This is a nice little vise and works well. I've made several sets of jaws for different purposes. The one's in the pic are Delrin.
I'll see if I can get my tech savvy wife to change them. Give me a day or so.
    Gary


----------



## hdskip (Mar 3, 2015)

Here are better copies of the prints for this project. Sorry for the delay.


----------



## Andre (Mar 3, 2015)

Very pretty vise! I noticed on the bottom bolt circle, you used coordinates. Do your school mills have DRO's or just dials? (In theory, it is possible to do coordinates with dials and backlash)


----------



## melsdad (Mar 3, 2015)

Very nice vise! Another thing to add to the project list!


----------



## magu (Mar 3, 2015)

Thanks for sharing the plans Gary, This would really come in useful with model building, I may have to take a shot at making one of these.


----------



## hdskip (Mar 3, 2015)

We have DRO but I teach students to use both dials and DRO's. There are a lot of different techniques in this project. Some time we use flat plate to make the base and sometime we use round stock.Thank you for all the nice comments. I have this vise on my desk at school and use it daily. I'm pretty much a vise freak as well as several other types of freak I guess. It's not just theory about dials and coordinates. I can remember when DRO's were a rarity in most shops. Travel dials come to mind ...... by the way they are still sold by Southwest Industries I think.


----------



## machinistmarty (Mar 4, 2015)

When we got our first digital readout, The old machinist scoffed at it. I was just an apprentice.

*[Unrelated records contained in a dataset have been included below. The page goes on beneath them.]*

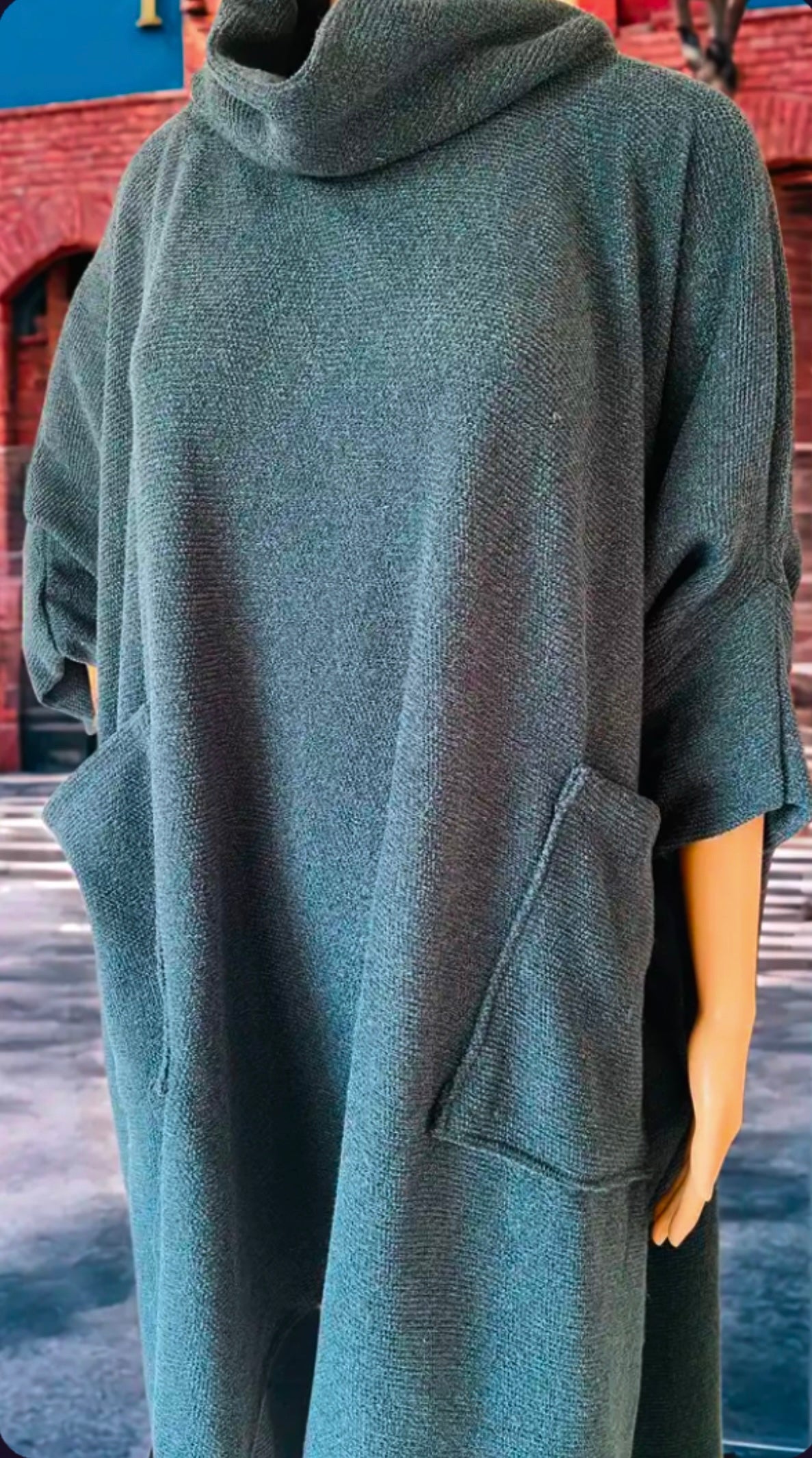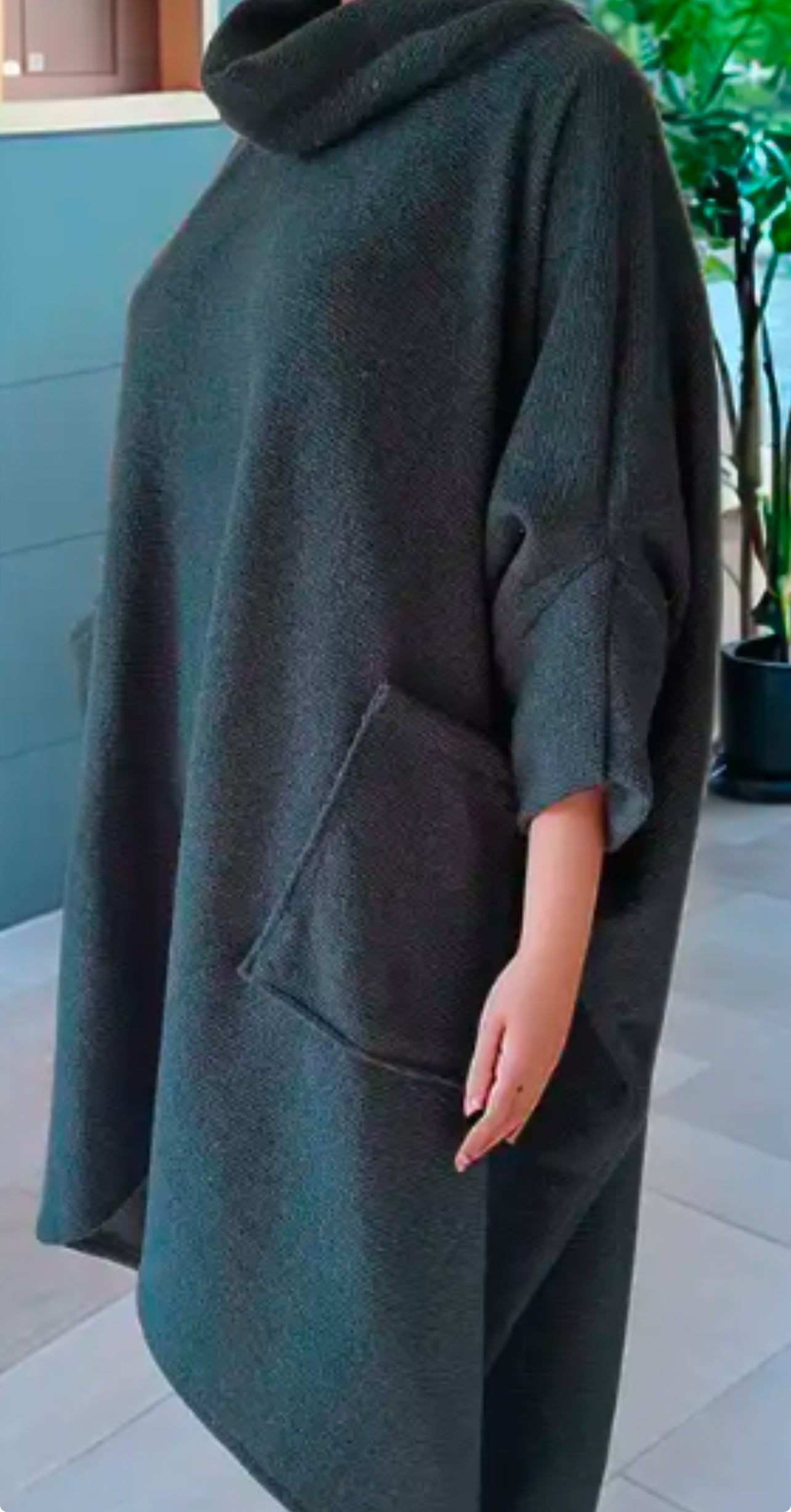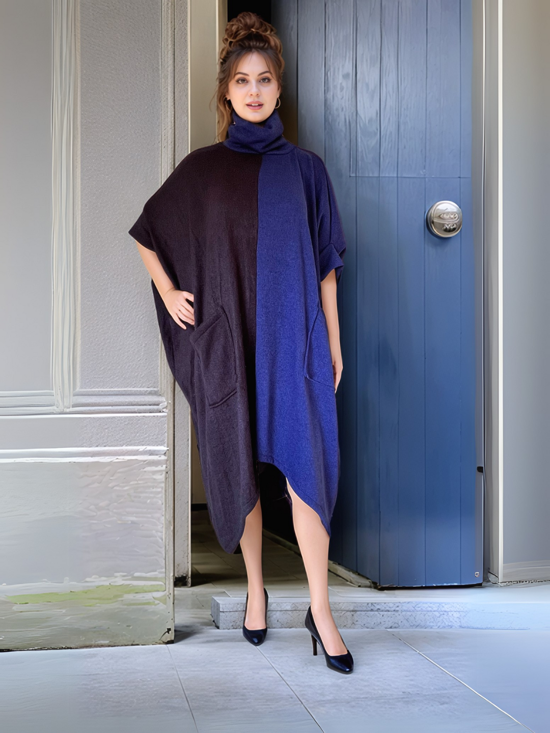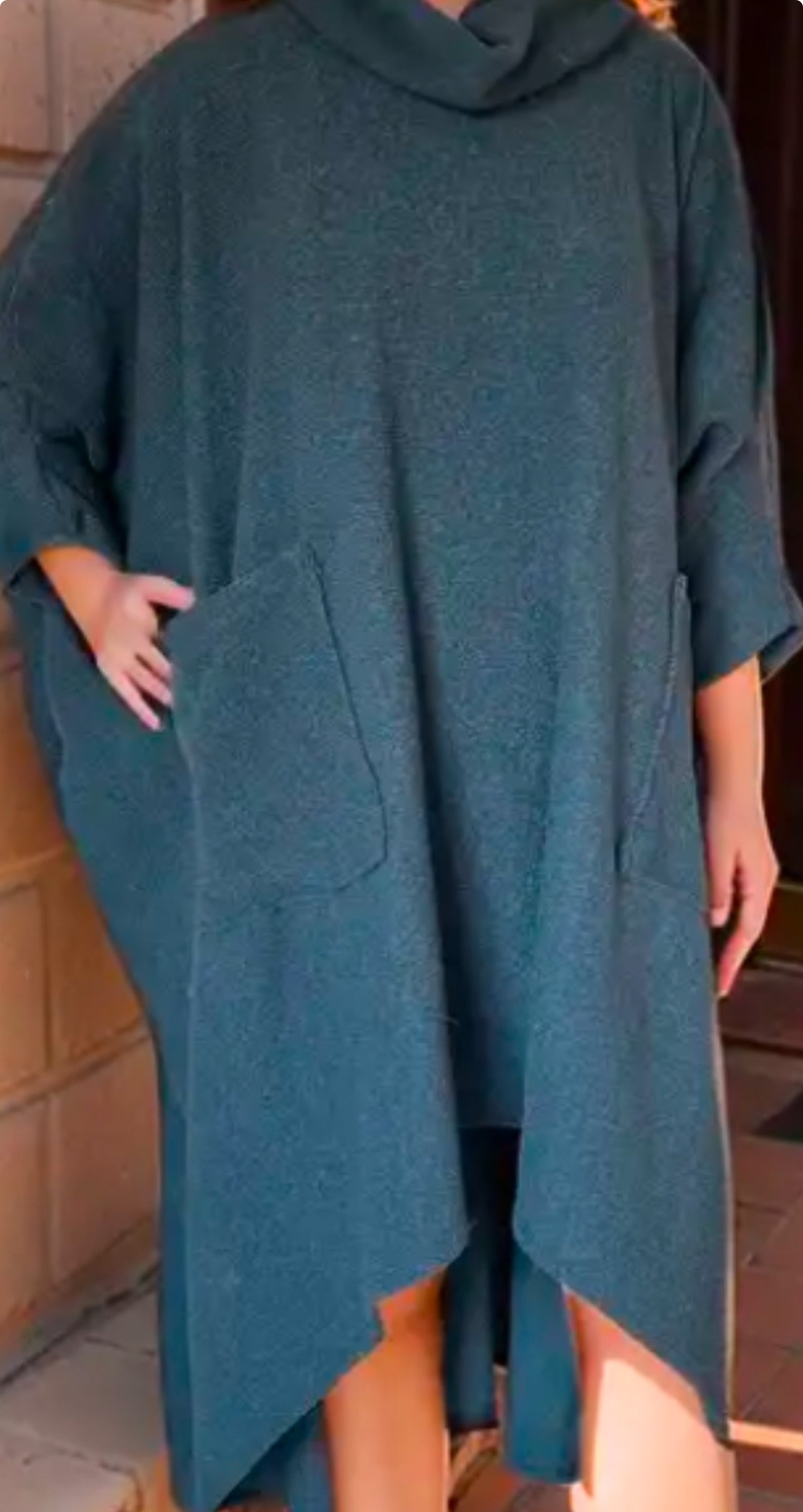 This winter woolen high-neck dress features a loose, relaxed pattern, offering both comfort and style. Crafted from soft, warm fabric, it’s perfect for staying cozy during colder months while maintaining an effortlessly chic look. Ideal for casual outings or lounging in comfort.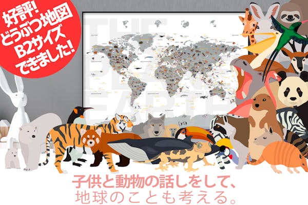 募集終了SUCCESS募集終了継続!【B2サイズ登場】どうぶつ世界地図・子供も大喜び!知育とおしゃれなデザイン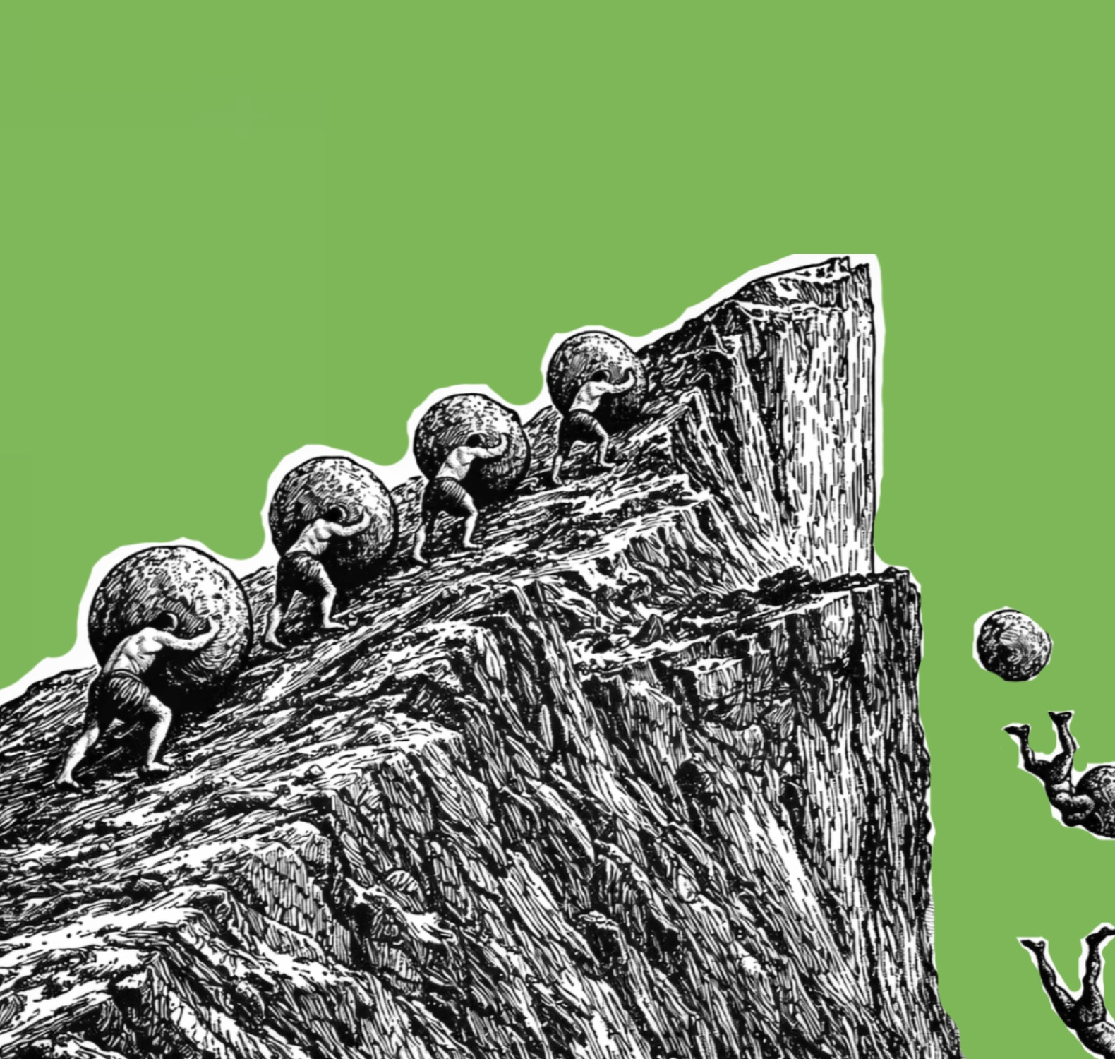 An AI-generated image of people rolling boulders up a mountain and falling off a cliff.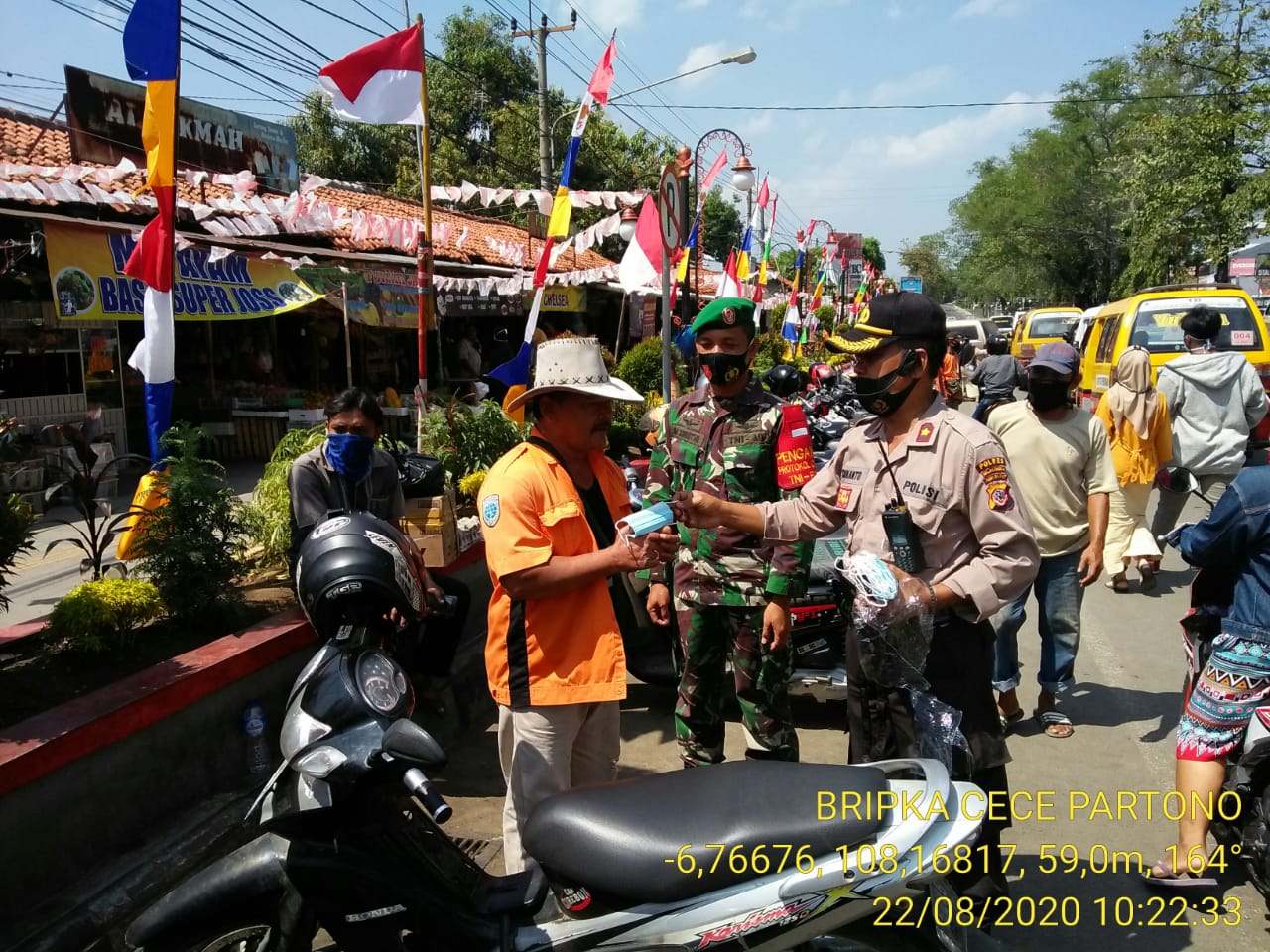 Di Pimpin Kapolsek Kadipaten KOMPOL Sukanto bersama Waka Polsek Kadipaten IPDA Rino Waluyo dan diikuti Anggota Polsek Kadipaten, Koramil serta anggota Sat Pol PP Kecamatan Kadipaten, mereka membagikan masker gratis kepada para pengunjung pasar Tradisional Kadipaten Kabupaten Majalengka, Sabtu (22/08/2020).

But I was doing accurate bolt circles in 1/3 the time, They started to notice what an advantage it was. I wasnt the only one doing that, but I was the greenest one in the shop.


----------



## Torbo (May 1, 2015)

Nice Vise! My be I shall try to do the same?


----------



## Ulma Doctor (May 1, 2015)

another excellent project!!!


----------



## catskinner (May 5, 2015)

That is so cool that your school has the equipment and an instructor that can teach those skills. I wish they would emphasize the value of a skilled worker training program, not everyone is going to go to college. Even so if you learn these things at the high school level then even if you do go to college you could become a highly skilled teacher such as your self. My hats off to you and your school system.


----------



## hdskip (May 5, 2015)

Thanks for your kind comments. It's very satisfying that most of my students have jobs by graduation. Throughout the years most of them stay in the trade and have good careers.


----------